Page 38 of Scapegoat

“They did.”

I croaked that out, all of it, everything I’d been keeping tamped down coming rushing up and choking me, because that’s what happened when I talked to Jamie. We’d trauma-bonded, that’s how she explained it, tied tight by links of a pain that never stopped hurting, especially now. It throbbed like an exposed nerve, every breath making me ache so damn fiercely, it was no wonder a tear, then another, then a whole lot more, started to stream down my face.

“Damn them…” I growled. “Damn them! I liked Billy’s. I had a good job there and he kept his hands to himself—”

“That’s not enough of a reason to stay if you don’t want to,” she told me. “Look, I’m about eight hours away. Stay inside, lock your doors and windows and sit tight. I’m coming, kid. I’m coming.”

That made me feel better for as long as it took for her to end the call. But once the phone went dead? It felt like I did too. I was empty and full, all at the same time, any pleasure I got from doing a job well, making food that people appreciated, shoved out of the way to make room for the reality to hit me again.

They’d chosen Anna. No matter what had happened between us, or what was going on before then, that day they’d chosen her. They were bound together in ways that could not be broken, that’s what my mother had insisted, Atlas’ mark on Anna overruling anything he’d done to me. They were my sister’s mates and she needed to call them back to her side.

So why did I slide down the wall of my cottage, sobbing into my arms the quiet, choked back kinds of sobs only kids with brutal mothers like mine learned? Why did I cry like my heart was fucking breaking? And why, amongst the sounds of the wind outside and the far-off bleat of sheep, why did the crystal clear song of one wolf, then of three, pierce the night?

Chapter 22

Xavier

She’d been just here.

Kai had just been fucking here but she’d slipped from my grip.

I flexed my fingers, still able to feel the warmth of her skin on the pads of my fingertips, because my hand had heated up until it was almost unbearable, because… I hadn’t wanted to listen to her. Everything in me, man and wolf demanded I haul her close, protect her from the whole damn world.

But.

That scent of roses that always hung around her, it’d grown sharp, sour, like the flowers were being charred slowly over an open fire when she’d heard me, when she’d seen me. The smell of her pain. It’d made it hard to take a full breath in and I… I was the one that caused it. I just stared at the empty road, her car having disappeared, gone to god knows where, and my brothers, they just stared after her too.

“Fuck…” Jay muttered and when he turned to me, his eyes blazed bright silver. “Fuck!” He paced back and forth, raking his hands through his hair. “We have to go after her. We have to—”

“Tell her.”

Atlas was never one for flapping his gums, but since that day? He’d dropped down, down, down into a strange kind of darkness, one that was still and silent as a stone. So when he said, did anything, we paid attention, and both Jay and I stared at him now.

“We have to tell her what happened. If she…” His voice broke and he dug around in his jacket pockets, both of us screwing up our noses when he pulled out a packet of cigarettes. He lit one of the stinking things, and I saw his hands shaking as he took a long drag, but he couldn’t look at us until he had. “If we tell her and she still doesn’t want us, well…”

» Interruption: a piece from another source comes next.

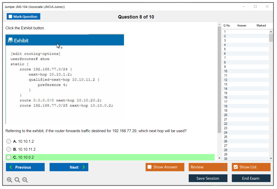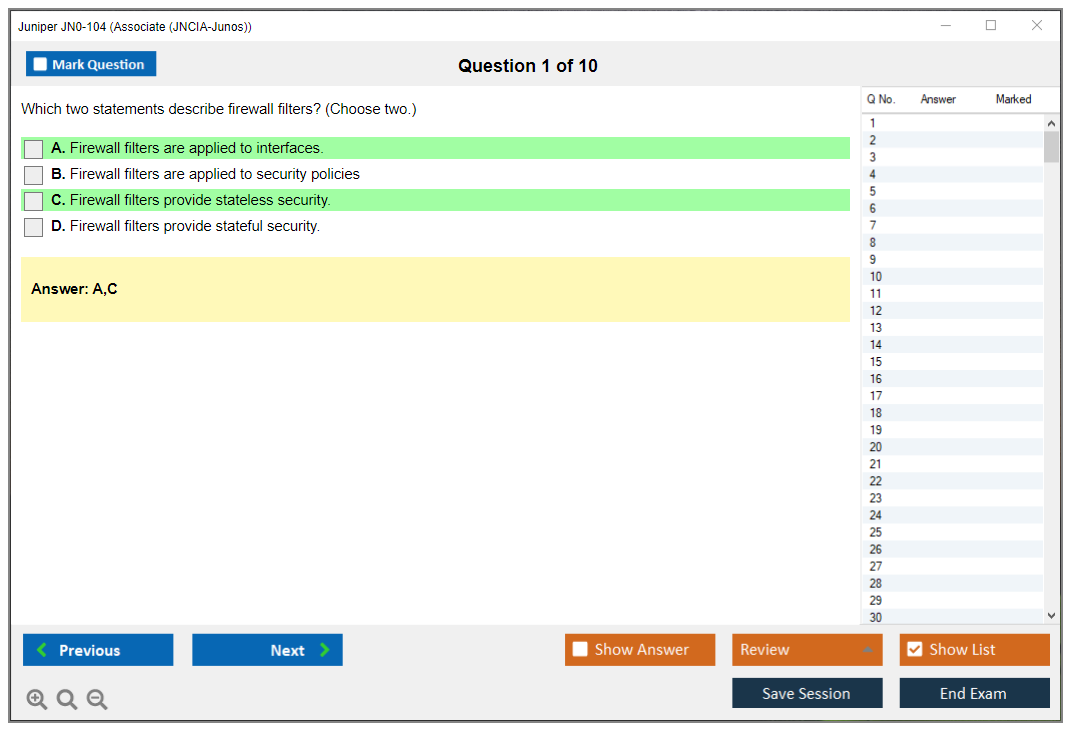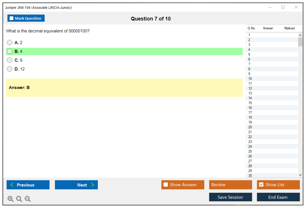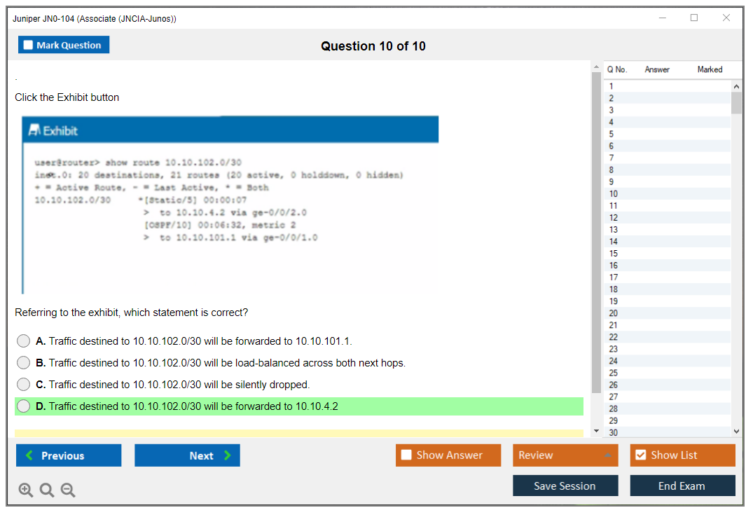 DumpsBoss was a lifesaver for my JN0-104 prep JN0-104 Exam Questions. The practice exams mirrored the actual test format perfectly, boosting my confidence on exam day. Plus, their customer service was amazing - they answered all my questions promptly and professionally.
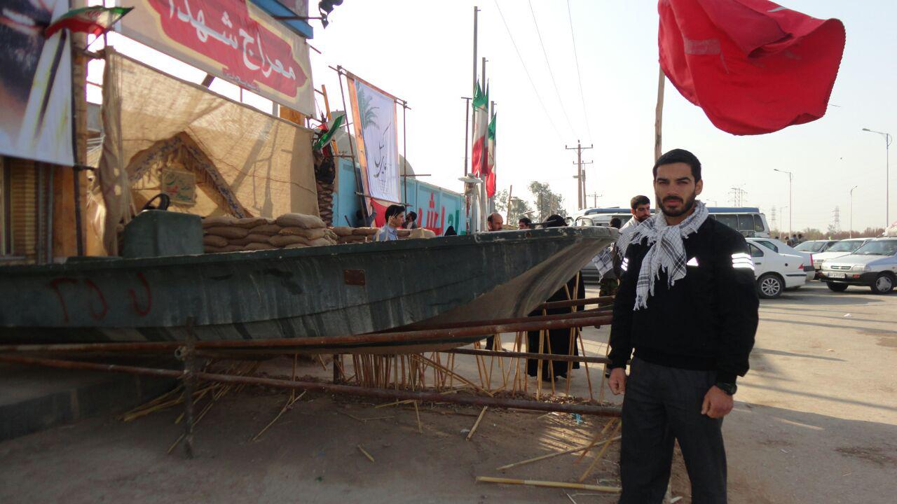 نگاهش که میکردم انگار در حین پایین بودن سرش داشت به یک چیزی فکر میکرد.احساس میکردم از شهدا کمک میخواهد برای یاری کردنش در راهشان... نوبت به معراج الشهدا رسید.وارد که شدیم اسفند برای ورود زائر ها دود کرده بودند.کمی که جلو رفتیم شربت آبلیمو صلواتی میدادند. آقا ابوالفضل گفت : بیا اینجا شربت شهادت میدهند برویم بگیریم .از روی مزاح گفتم : نخوری، اگه بخوری شهید میشوی.گفت : تازه برای تو هم میخواهم بگیرم.دوربین دستم بود.و از مناطق جنوب عکس یادگاری میگرفتم.آنجا هم سریع در حالی که داشت لیوان های شربت را برمیداشت که بیاورد و دوتایی بخوریم ازش عکس گرفتم.بعد از اینکه شربت خوردیم دوربین دادم به آقا ابوالفضل و از هم جدا شدیم.

And just like that, our brother stumbled onto the one thing none of us wanted to talk about. We only discussed how we’d get her back, not if.

I looked up and down the road, taking in what little there was of the town in one glance. The place was small, little more than a pub, a supermarket and a truck stop.

“She can’t live far from here if she works at the truck stop,” I said.

“And not in one of the houses,” Jay said. There were a few streets of residences on either side of the main road, but the three of us could sight each one of them with little effort. “I didn’t catch scent of her on the street, not until we walked into the truck stop.”

“That way.” Atlas stabbed a finger at the road in front of us in the direction Kai had left, the cigarette trailing smoke into the air. “This area is almost all farmland. She must be renting a place somewhere out there.”

“So, what, we find her and explain?” I said. The plan had seemed like a sound one, right up until I saw the horror on her face, the pain. And I fucking knew why. We carried around a burden of our own.

That day, two years ago, we’d been riding a high, having proved ourselves to the alphas, told we’d been accepted as their heirs. The whole town had been cheering us on, but it meant nothing without her.

Kai.

When Abigail had pushed her way forward, a scared looking Anna in her grip, I’d braced myself for a scene, for the woman to throw one of her daughters at us, when all we wanted was Kai. For her to scream something fucking insane about Anna being our fated mate, our omega.

I thought I knew what to do.

But then that scent.

Sweet as roses, my mouth watering, my body hard, coming to complete attention as I stared. Anna was just a fucking kid. The same annoying one who tried to push herself forward while she pushed her sister out of the way, the one that tried to demand our attention like it was her right.